The weekly SILO Seminar Series is made possible through the generous support of the 3M Company and its Advanced Technology Group


with additional support from the Analytics Group of the Northwestern Mutual Life Insurance Company

Northwestern Mutual

Simultaneous Model Selection and Learning through Parameter-free Stochastic Gradient Descent

Francesco Orabona, Senior Research Scientist, Yahoo! Labs NY

Date and Time: Jan 21, 2015 (12:30 PM)
Location: Orchard room (3280) at the Wisconsin Institute for Discovery Building


Stochastic gradient descent algorithms for training linear and kernel predictors are gaining more and more importance, thanks to their scalability. While various methods have been proposed to speed up their convergence, the issue of the model selection phase has often been ignored in the literature. In fact, in theoretical works most of the time unrealistic assumptions are made, for example, on the prior knowledge of the norm of the optimal solution. Hence, costly validation methods remain the only viable approach in practical applications.

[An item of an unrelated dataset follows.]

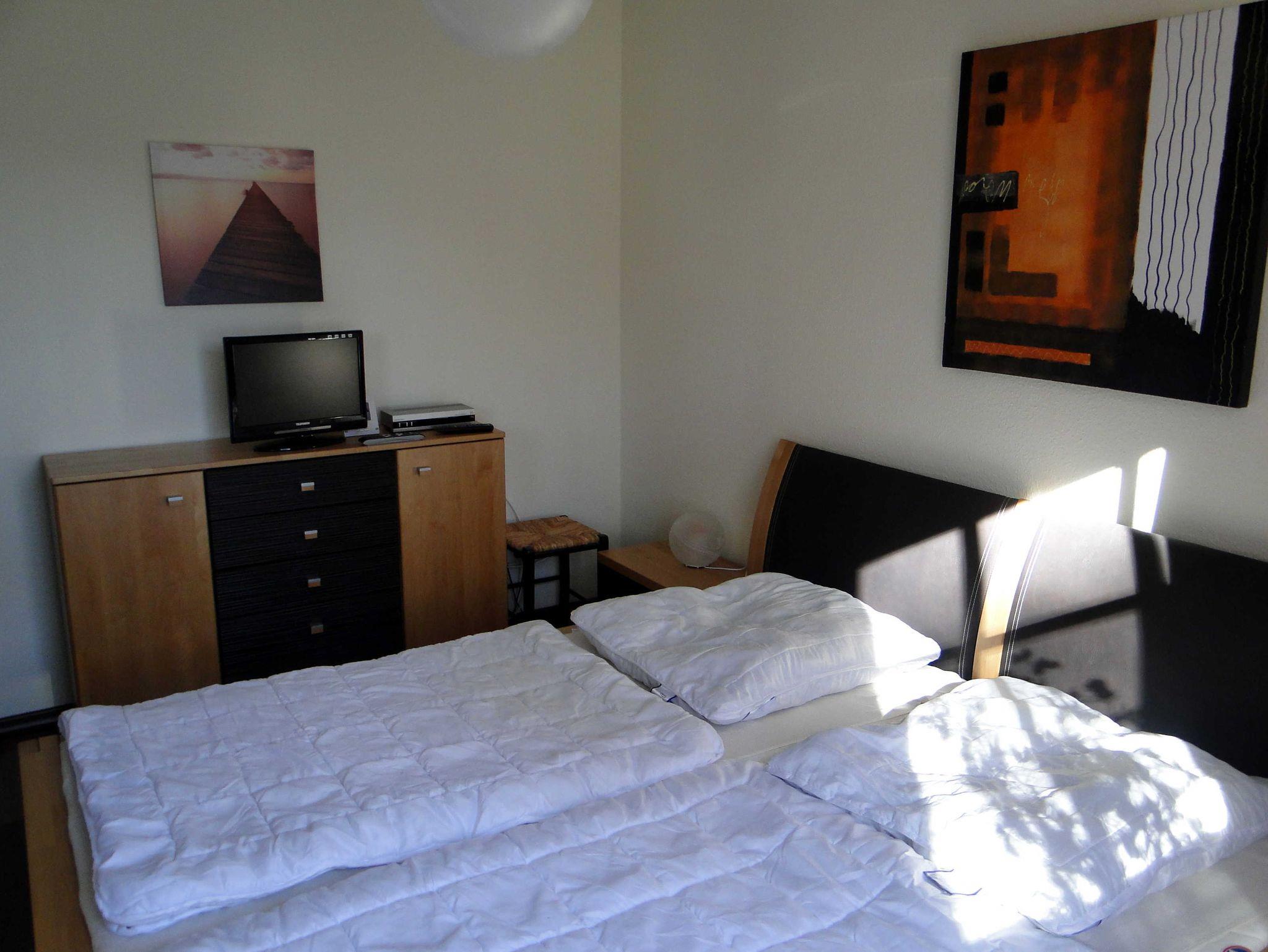 Ein geräumiger Kleiderschrank mit Bügeln und eine Kommode sorgen im Schlafzimmer dafür, dass Sie Ihre Garderobe immer aufgeräumt vorfinden, wenn Sie morgens im bequemen Doppelbett erwachen. Hier gibt es auch einen modernen Flachbildschirm.

In this talk, we show how a family of kernel-based stochastic gradient descent algorithms can perform model selection while training, with no parameters to tune, nor any form of cross-validation, and only one pass over the data. These algorithms are based on recent advancements in online learning theory in unconstrained settings. Optimal rates of convergence will be shown under standard smoothness assumptions on the target function, as well as empirical results.